Treye Hanner: Tell our readers a little about you and your journey to a career in the mortgage lending business?
Josh Moody: My father, Pat Moody, opened his company, The Mortgage Center, in 1992 in Cullman. After graduating from Auburn University in 2001, I went to work for him in what was going to be a “temporary” situation after college until I found something permanent. I found that I really enjoyed the mortgage industry and all the facets of being a loan originator. So, it quickly became apparent that this was going to be something a little longer term.
In 2015, our family felt the Lord calling us overseas to Uganda to serve on the mission field. So, in early 2016, I left The Mortgage Center, and we packed up everything and moved to Africa. We were in Uganda for nearly 2 ½ years before transitioning back to Gardendale. Upon moving back, I went to work for Lifeline Children’s Services and was still involved in international ministry.
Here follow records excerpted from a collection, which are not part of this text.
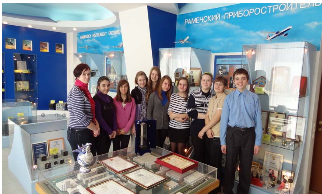
Школьники Раменской школы на профориентационной экскурсии в музее изделий завода.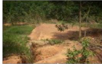
Kawasan Yang Sepatut Dipajak Kepada Lamberts - Jalan Perimeter Ditumbuhi Pokok Acacia (08.03.2011)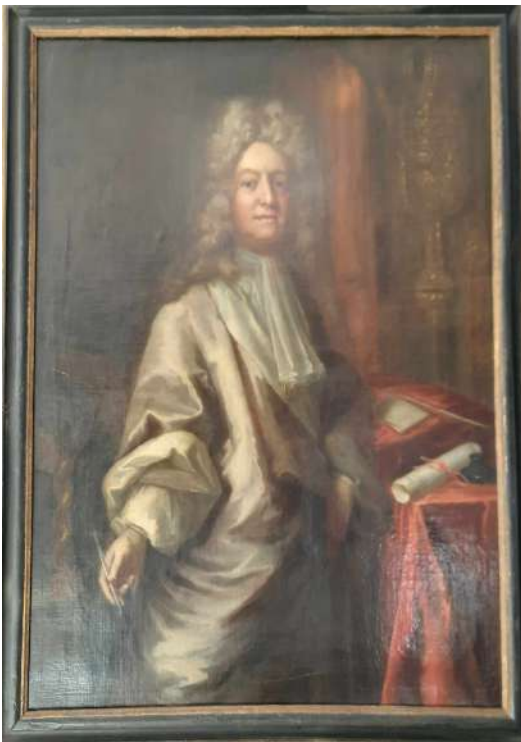
LOTTO 14 MICHAEL DAHL (1659 – 1743) BASE D'ASTA 600,00 DIPINTO OLIO SU TELA RAFF. RITRATTO DI CHARLES MONTAGU - CONTE DI HALIFAX MIS. 120 X 94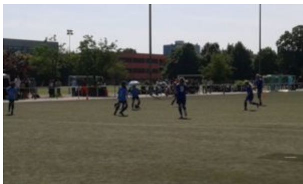
Was führt A.K.(9) im Schilde?

Although I thought my time in the mortgage business was over, in late 2019, my dad approached me about coming back to work for the company (which had since gone in under the Hometown Lenders umbrella). I accepted and started back in early 2020 just as the pandemic hit. Nobody saw it coming, but the pandemic ushered in record low interest rates and an opportunity for many people to take advantage of these rates and improve their financial position in a time when it was much needed.
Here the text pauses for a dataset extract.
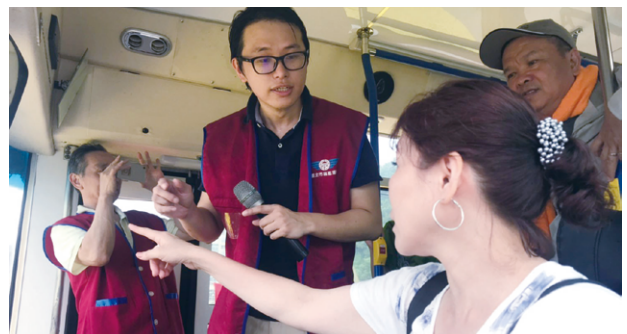
連江監理站辦理大型車視野死角與內輪差實地體驗活動

事故的發生往往都是一瞬之間，一時的疏忽將可能造成終生的遺憾。為避免憾事再次重演，無論任何時間、任何地點，在道路上行走、騎車或開車，除了應隨時與周邊車輛與行人保持安全距離之外，提醒民衆務必「遠離大型車」，只要時刻多一分的小心，你與身邊的人都將能獲得十分的安全與保障。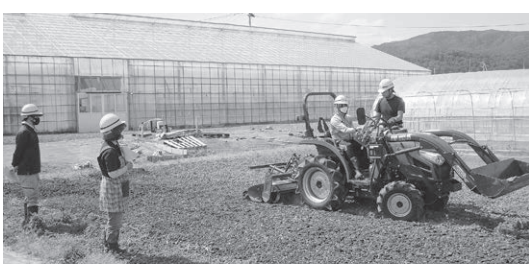
将来の農業経営者を育成する農業ビジネス訓練所

町長 10年、20年後の国見町の農業を考えたとき、画期的な施設と考える。農業を辞めてしまう人が上回るかもしれないが、着実に農業後継者を確保する施設になると考えている。

All in all, I’ve been in the mortgage business for the better part of 20 years. I joke with people that I only know how to do mortgages and be a missionary. I’ve never done anything else. I’m thankful now to be with The Mortgage Center Powered by Hometown Lenders. It truly is an incredible company full of the best people in the industry who want to serve their customers with the best products and customer service available.
Treye Hanner: How has the mortgage industry changed throughout your time in the industry?
Josh Moody: Obviously, like any other industries, the technology has advanced rapidly. When I started in the business, we were still handwriting most everything. Loan packages were mailed. One file could literally be hundreds of pages thick. Now, it’s E signatures, emails, scans, and multiple other technology advances that have made the industry much more efficient. Technology is great, but one negative about it is that it has made it so that you might complete a loan transaction and never actually meet your customer face to face. I enjoy interacting with people and meeting new people and shaking hands across the desk. Technology, in many cases, has eliminated the need for that face to face. It can be easier but much less personal. I still try to keep it as personal as possible.
Another major change has been in the loan products themselves. Everyone remembers the housing “bubble” that burst around 2006-2008. The main cause for this disaster was that loans were made that never should have been made because crazy loan products existed. Many people were put into houses they couldn’t afford because income wasn’t verified, and the credit was suspect. These loans have since been cleaned up (as they should have been), and we have gotten back to common sense lending where everything is verified and poured over.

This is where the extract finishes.